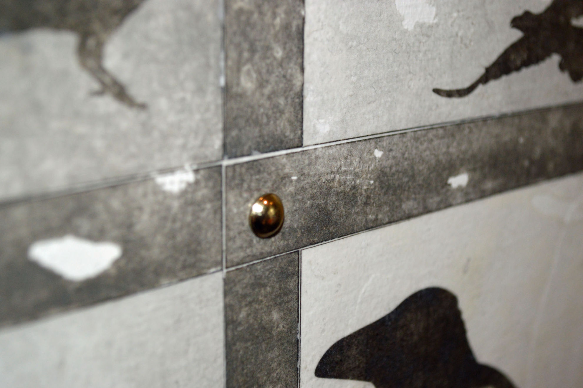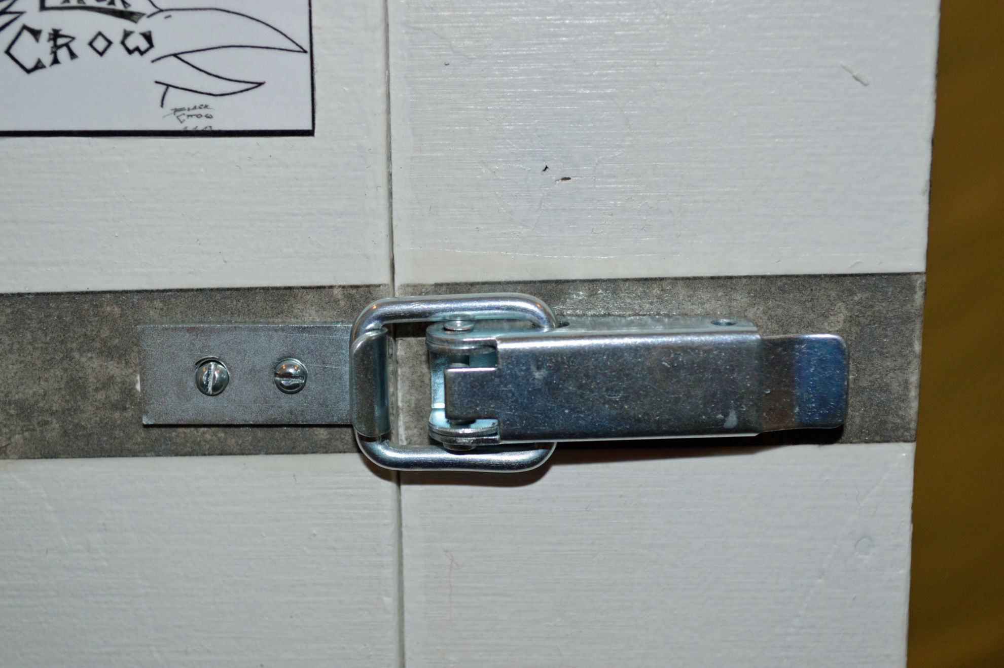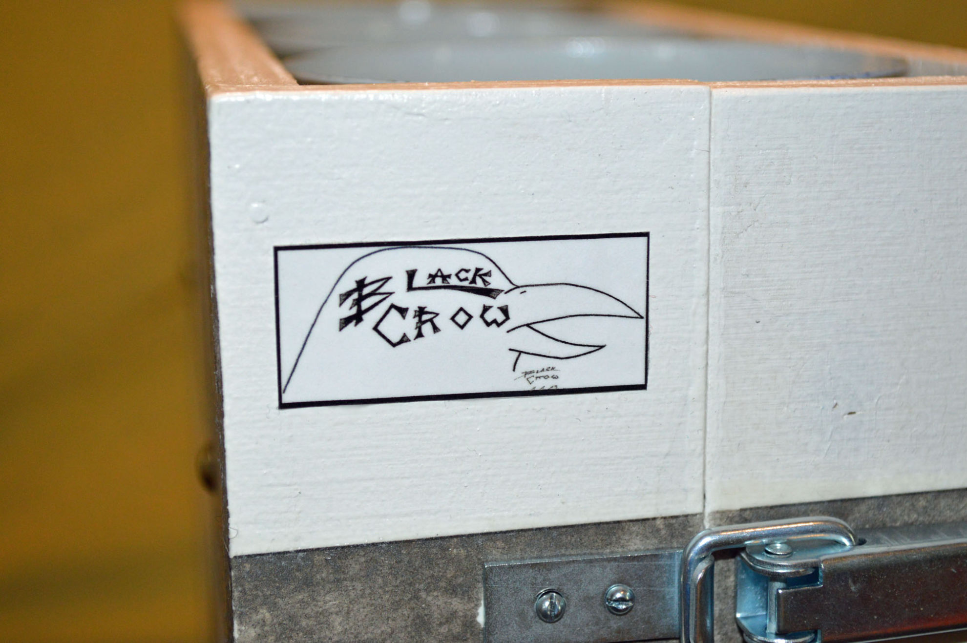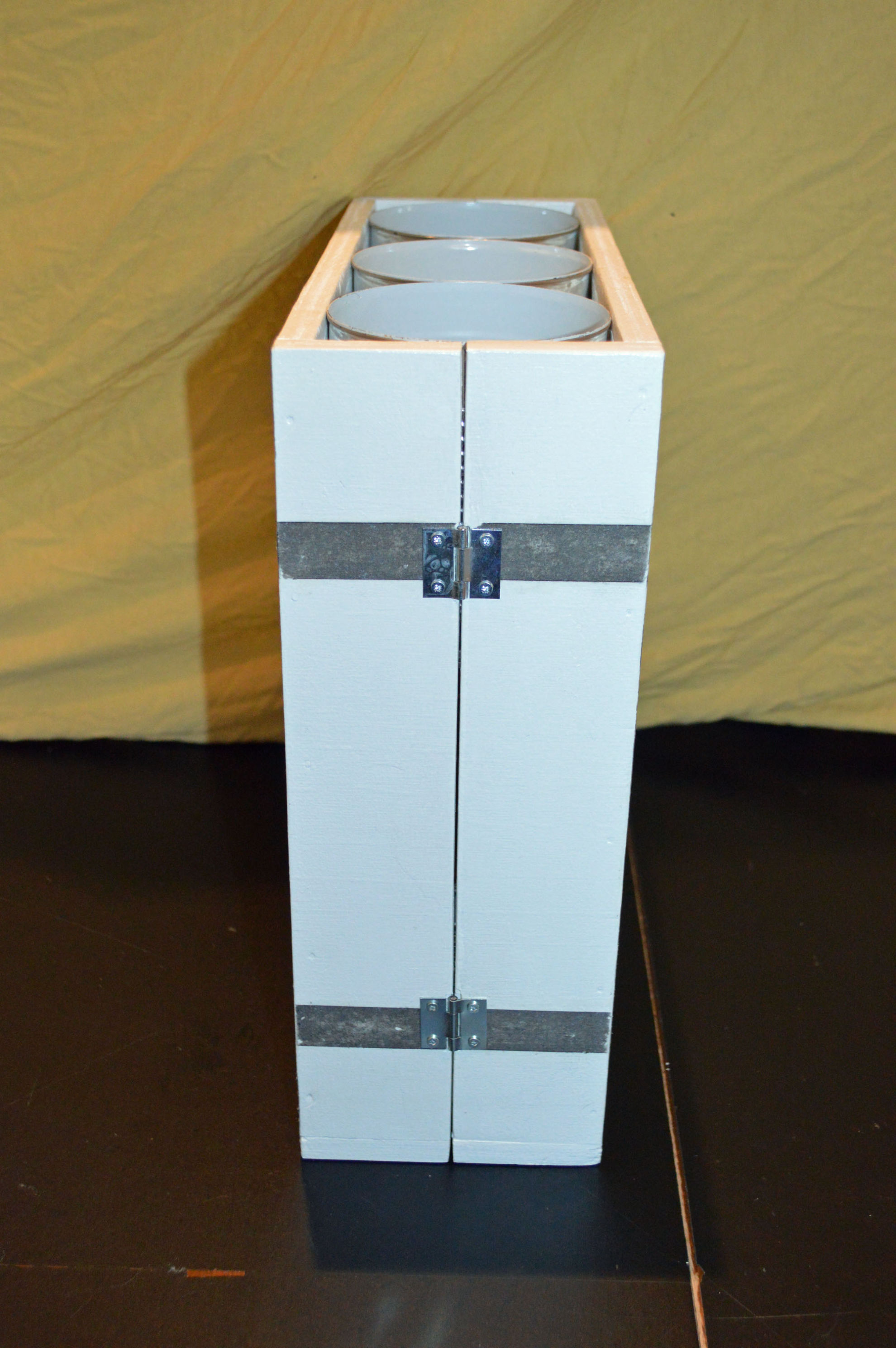 Material: Sperrholz (Spanplatte), Muster Krähe (selbst gestaltet aus Internetbildern), Aludosen, Scharniere, Polsternagel, Spannverschluss
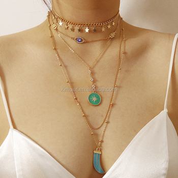 Venta caliente collar de oro encanto collar multi capa collar de la joyería
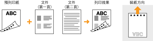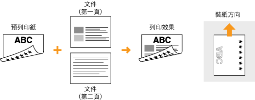 本節主要介紹如何以正確面和方向放入預列印紙。有關在紙匣或手動送紙槽中放入紙張的一般步驟說明,請參閱將紙張裝入紙匣或在手動送紙槽中裝入紙張。
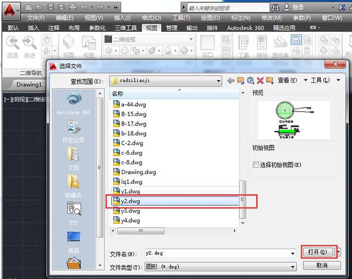 2、通过菜单选项【文件】》【打开】方式载入需要的cad文件。
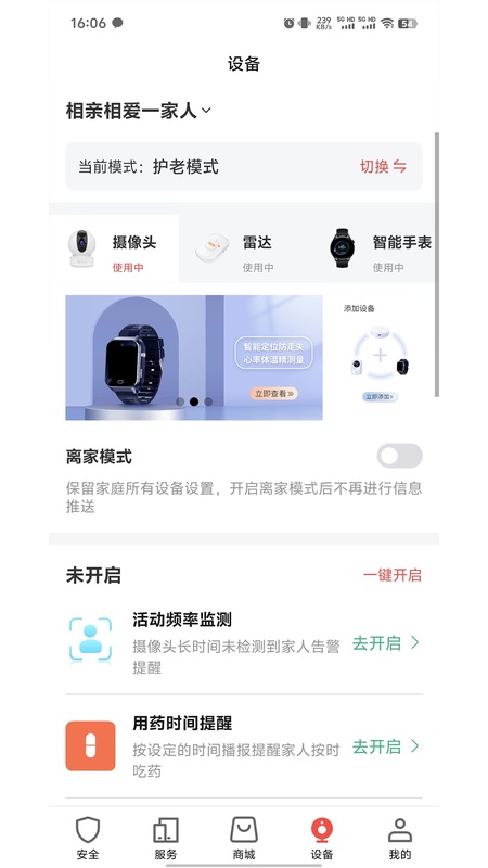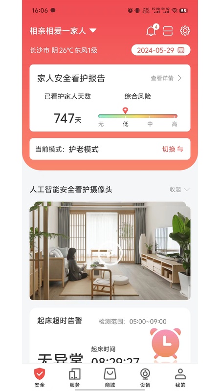 居嘉卫士”是一款专门用来看护生命安全的产品。针对在外务工的子女不在家人身边,或无法24小时陪伴家人的家庭而研发,目的是为解决中国老人社会看护的问题,其核心逻辑是利用物联网+人工智能AIOT系统等先进技术帮助子女时刻看护老人生命安全。不但对于失能或者半失能的老人看护有效,对于60岁以上的老人,更有防范于未然的作用。总之,居嘉卫士APP具有很强的社会意义! 软件特点

__________

Work order → Leave out every picture, and write out exactly the lines from the one with "Venta caliente collar" through the end of the records above, both ends included.

Result for this task →
 Venta caliente collar de oro encanto collar multi capa collar de la joyería
 本節主要介紹如何以正確面和方向放入預列印紙。有關在紙匣或手動送紙槽中放入紙張的一般步驟說明,請參閱將紙張裝入紙匣或在手動送紙槽中裝入紙張。
 2、通过菜单选项【文件】》【打开】方式载入需要的cad文件。
 居嘉卫士”是一款专门用来看护生命安全的产品。针对在外务工的子女不在家人身边,或无法24小时陪伴家人的家庭而研发,目的是为解决中国老人社会看护的问题,其核心逻辑是利用物联网+人工智能AIOT系统等先进技术帮助子女时刻看护老人生命安全。不但对于失能或者半失能的老人看护有效,对于60岁以上的老人,更有防范于未然的作用。总之,居嘉卫士APP具有很强的社会意义! 软件特点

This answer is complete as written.